[
https://issues.apache.org/jira/browse/SPARK-22431?page=com.atlassian.jira.plugin.system.issuetabpanels:comment-tabpanel&focusedCommentId=16249505#comment-16249505
]
Sunitha Kambhampati commented on SPARK-22431:
---------------------------------------------
*Observations:*
I ran a few tests with the STRUCT containing a `$a` and for the following
scenarios:
a) create table, b) create view, c) create datasource table against the hive
and in-memory catalog.
*A. Hive Catalog*
+1. Create Table (CTAS) - illegal type+ - Results in Error
{code:java}
spark-sql> CREATE TABLE t AS SELECT STRUCT('a' AS `$a`, 1 AS b) q;
17/11/10 22:50:45 WARN ObjectStore: Failed to get database global_temp,
returning NoSuchObjectException
Error in query: org.apache.hadoop.hive.ql.metadata.HiveException:
java.lang.IllegalArgumentException: Error: name expected at the position 7 of
'struct<$a:string,b:int>' but '$' is found.;
{code}
+2 Create Table – illegal type+ - Results in Error
{code:java}
CREATE TABLE t(q STRUCT<`$a`:INT,col2:STRING>, i1 INT);
Error in query: org.apache.hadoop.hive.ql.metadata.HiveException:
java.lang.IllegalArgumentException: Error: name expected at the position 7 of
'struct<$a:int,col2:string>:int' but '$' is found.;
{code}
+3 Create DataSourceTable - illegal type+ -
Try to store it in hive compatible way if possible, if this fails, then it
tries to store the metadata in Spark SQL format. This is successful
With Parquet, there is error trying to store in hive compatible way so it falls
back to persisting the metadata in Spark SQL specific format.
{code:java}
CREATE TABLE t(q STRUCT<`$a`:INT,col2:STRING>, i1 INT) USING PARQUET;
17/11/10 22:52:40 WARN HiveExternalCatalog: Could not persist `default`.`t` in
a Hive compatible way. Persisting it into Hive metastore in Spark SQL specific
format.
org.apache.hadoop.hive.ql.metadata.HiveException:
java.lang.IllegalArgumentException: Error: name expected at the position 7 of
'struct<$a:int,col2:string>:int' but '$' is found.
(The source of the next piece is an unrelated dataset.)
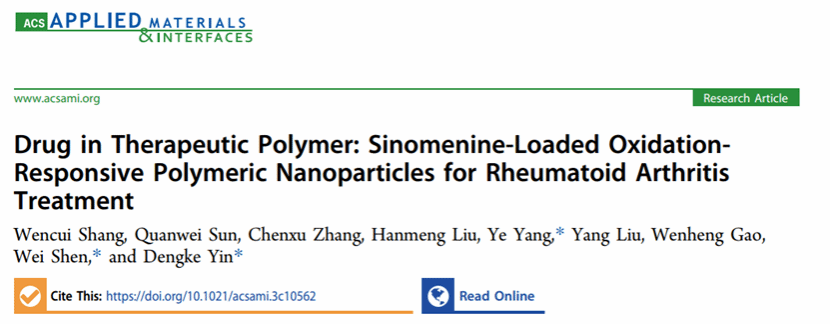 近日,TapTap点点尹登科教授和沈伟研究员研究团队在《ACS Appl. Mater. Interfaces》(中科院二区 TOP期刊, IF:9.5)发表了题为“Drug in Therapeutic Polymer: A Sinomenine-Loaded Oxidation Responsive Polymeric Nanoparticles for Rheumatoid Arthritis Treatment”的论文。论文以TapTap点点官方网站为第一通讯单位,第一作者为TapTap点点官方网站硕士研究生尚文翠。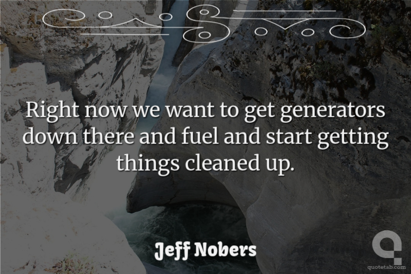 Right now we want to get generators down there and fuel and start getting things cleaned up.

at org.apache.hadoop.hive.ql.metadata.Hive.createTable(Hive.java:720)
Caused by: java.lang.IllegalArgumentException: Error: name expected at the
position 7 of 'struct<$a:int,col2:string>:int' but '$' is found.
{code}
Retrieving the table metadata – OK
{code:java}
select * from t;
Time taken: 0.912 seconds
spark-sql> describe formatted t;
q struct<$a:int,col2:string> NULL
i1 int NULL
# Detailed Table Information
Database default
Table t
Owner ksunitha
Created Time Fri Nov 10 22:52:40 IST 2017
Last Access Thu Jan 01 05:30:00 IST 1970
Created By Spark 2.3.0-SNAPSHOT
Type MANAGED
Provider PARQUET
Table Properties [transient_lastDdlTime=1510334560]
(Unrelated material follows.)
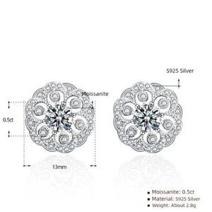 Certified 1ct. t.w. Moissanite Diamond Flower Stud Earrings NEW

Location file:/Users/ksunitha/projects/trunk/spark/spark-warehouse/t
Serde Library org.apache.hadoop.hive.serde2.lazy.LazySimpleSerDe
InputFormat org.apache.hadoop.mapred.SequenceFileInputFormat
OutputFormat org.apache.hadoop.hive.ql.io.HiveSequenceFileOutputFormat
Storage Properties [serialization.format=1]
Time taken: 0.071 seconds, Fetched 18 row(s)
{code}
+4. Create View - illegal type+
Creation successful.
Retrieving the view metadata – fails, so select, drop fail.
{code:java}
CREATE VIEW t AS SELECT STRUCT('a' AS `$a`, 1 AS b) q;
Time taken: 0.036 seconds
spark-sql> select * from t;
17/11/10 22:57:22 ERROR SparkSQLDriver: Failed in [select * from t]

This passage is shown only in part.